**About this exercise**
Down to the last line, print the data that follows exactly, without its pictures.

(Beginning of Recorded data)

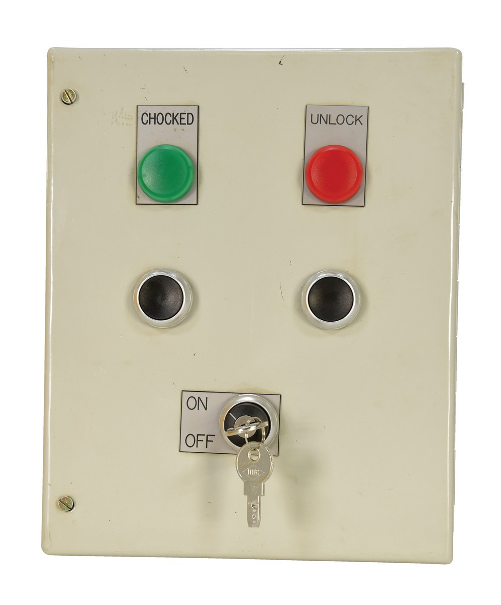 With an empty dock, the DTS-10 lights are green outside and the red inside. Once a truck driver has chocked the trailer's wheels the driver presses the outside "CHOCKED" button, which flips the outside light red and the inside light green. If the truck driver fails to press the outside button, the dock attendant can press the "CHOCKED" button at the inside control panel, if it has been affirmed that the trailer wheels are chocked. (OSHA Standard 1910.178 sections (k)(1) and (m)(7) requires that wheel chocks be placed under the rear wheels of a truck.) Once the trailer has been loaded/unloaded, the dock attendant presses the "DEPART" button to indicate that it is okay for the truck driver to remove the chocks from in front of the trailer wheels and pull away from the dock. Pressing the "DEPART" button causes the lights to turn green outside and red inside.
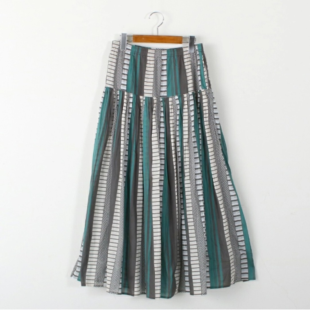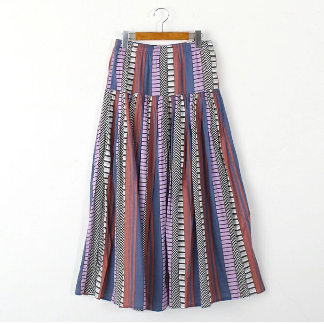 Le Melange(ル・メランジュ)よりマルチストライプ プリントギャザースカート。
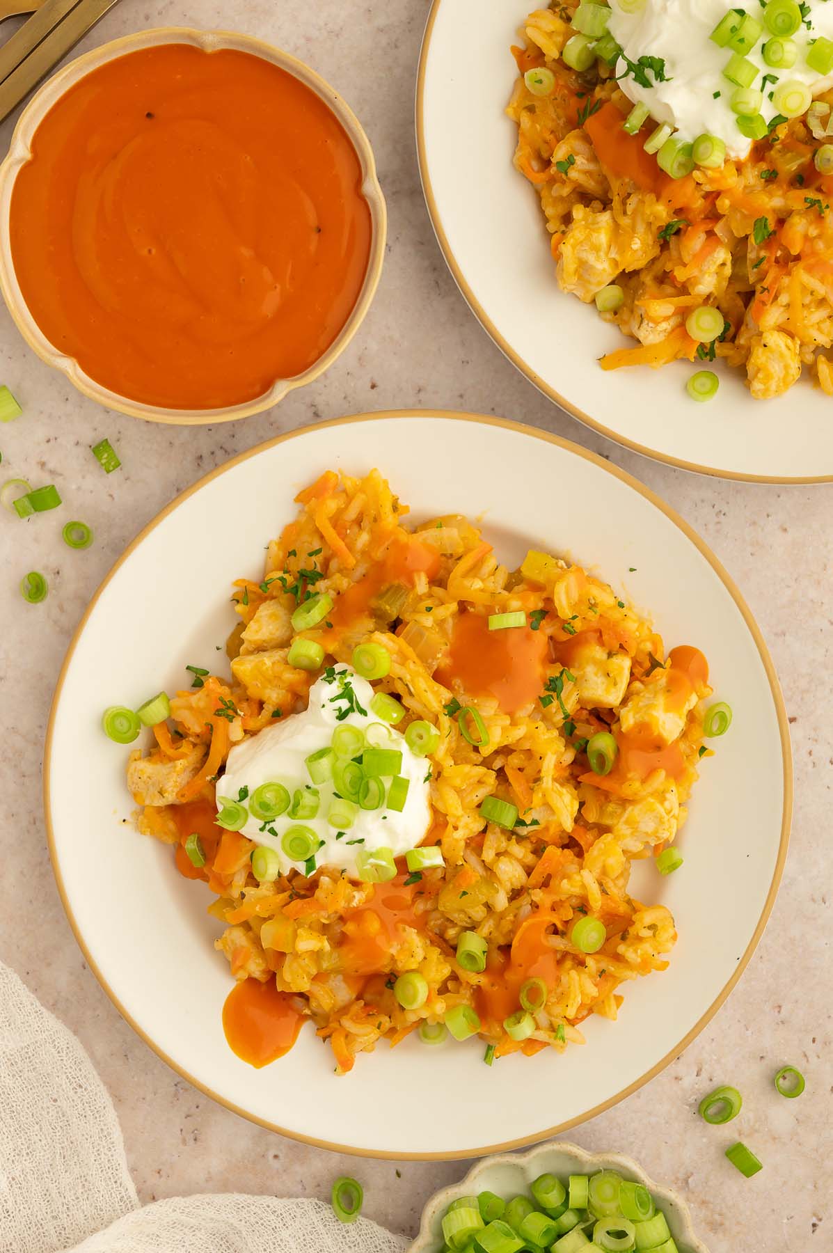 Buffalo Chicken and Rice is an easy one pot meal your whole family will love. Gluten free, high protein, delicious and done in under an hour!

(End of Recorded data)

**Answer space**
 With an empty dock, the DTS-10 lights are green outside and the red inside. Once a truck driver has chocked the trailer's wheels the driver presses the outside "CHOCKED" button, which flips the outside light red and the inside light green. If the truck driver fails to press the outside button, the dock attendant can press the "CHOCKED" button at the inside control panel, if it has been affirmed that the trailer wheels are chocked. (OSHA Standard 1910.178 sections (k)(1) and (m)(7) requires that wheel chocks be placed under the rear wheels of a truck.) Once the trailer has been loaded/unloaded, the dock attendant presses the "DEPART" button to indicate that it is okay for the truck driver to remove the chocks from in front of the trailer wheels and pull away from the dock. Pressing the "DEPART" button causes the lights to turn green outside and red inside.
 Le Melange(ル・メランジュ)よりマルチストライプ プリントギャザースカート。
 Buffalo Chicken and Rice is an easy one pot meal your whole family will love. Gluten free, high protein, delicious and done in under an hour!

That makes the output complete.